In a preferred embodiment, these teachings are applied to three or more springs around the circumference of a trampoline linked to a computer. This allows the computer to determine if a user of the trampoline strays from a central safe zone of the trampoline, or is over a specified safe weight limit for the trampoline, or if more than one user at a time is

using the trampoline. Visible or audible alarms can be given if spefic circumstances warrant this.

In another embodiment, a platform is mounted on springs from a fixed support in a hexapod configuration, changes in induction of the individual springs providing an indication of displacement of the platform with six degrees of freedom. In a further embodiment, a joystick, which may be an aircraft joystick, a games controller or manipulator for computer aided design, is provided with a spring sensor of the kind disclosed herein for each of one or more of its degrees of freedom, and preferably all six of its degrees of freedom, displacement of the joystick in such one or more degrees of freedom being sensed by sensing changes in inductances of the said spring sensors.

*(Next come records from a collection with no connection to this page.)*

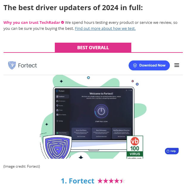 Back in 2024, TechRadar awarded Fortect Driver Updater the #1 spot in its best driver updater roundup, scoring an impressive 4.5 out of 5. Two years on, that ranking hasn’t changed. As of 2026, Fortect continues to hold TechRadar’s top position, a testament to its consistency, reliability, and ongoing development.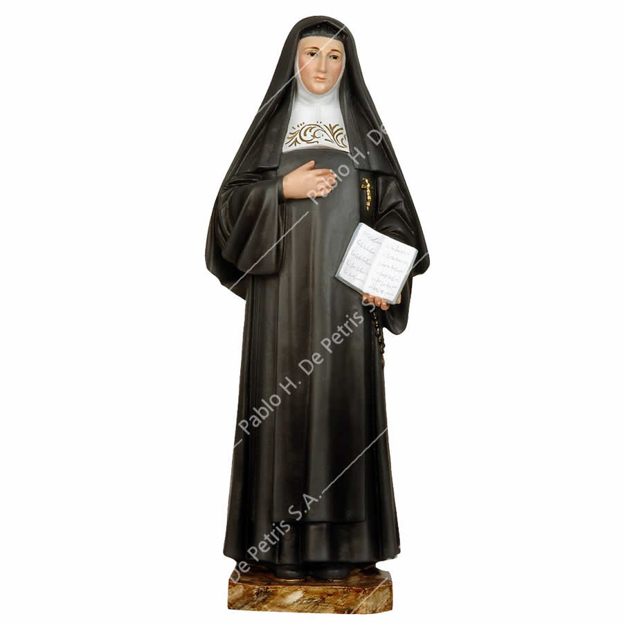 Imagen realizada en pasta madera y pintada a mano al óleo en sus colores tradicionales. Ojos de cristal. Aureola de bronce.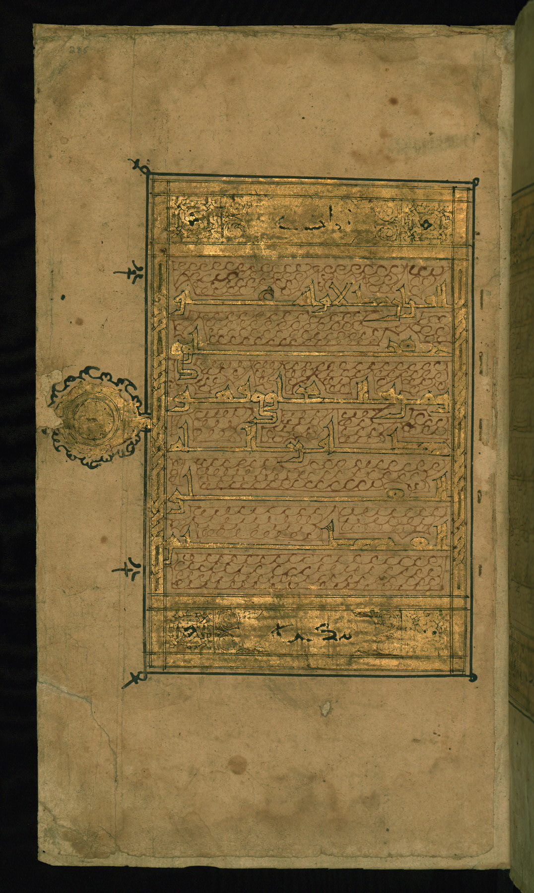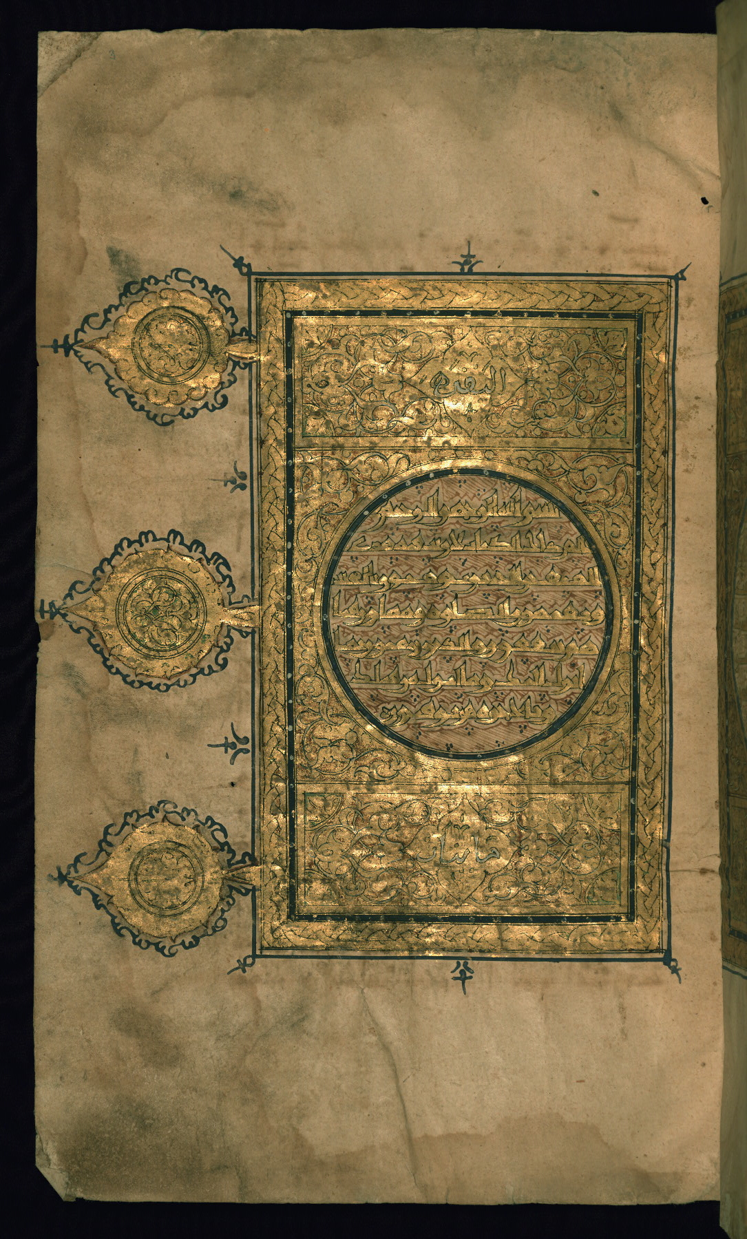 - Label: This is the right side of a double-page illuminated incipit. This page bears the seven verses of chapter 1 (Sūrat al-fātiḥah), written in a decorative New Abbasid (broken cursive) style.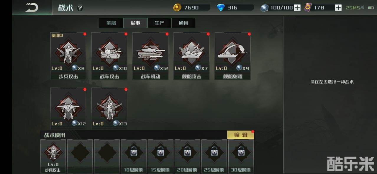 军事类战术总的来说就是提升战斗能力,其中“步兵攻击”、“战车攻击”、“舰船攻击”、“空军攻击”和“全军攻击”这五种战术直接提升单位的伤害。而“战车机动”提升战车移动速度,“舰船射程”增加舰船攻击范围。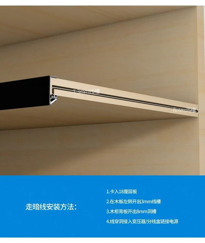 3、常见的层板灯带应用有:书柜、衣柜、电视柜、镜柜、酒柜、展示柜、厨房吊柜......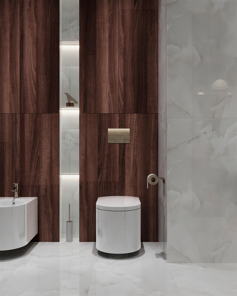 Гладкая глянцевая поверхность ONYX WHITE CLOUD не только красиво отражает свет, но и создает атмосферу простора и уюта. Использование этого керамогранита в интерьере помогает визуально расширить пространство и добавить глубину.

In other embodiments: A spring sensor is mounted to a punch ball or punch bag to analyse actions of a boxer. Spring sensors are employed to analyse skills of a sportsman in a ball sport. A spring sensor is fitted to a float to provide warning of a person falling into a body of water by sensing displacement of the spring resulting from waves affecting the float. A spring sensor provides a warning should a crane seek to lift a load that is too heavy to be safe. The spring sensor may also weigh individual loads and the cumulative load lifted, for example, into a ship lying alongside the crane in a dock.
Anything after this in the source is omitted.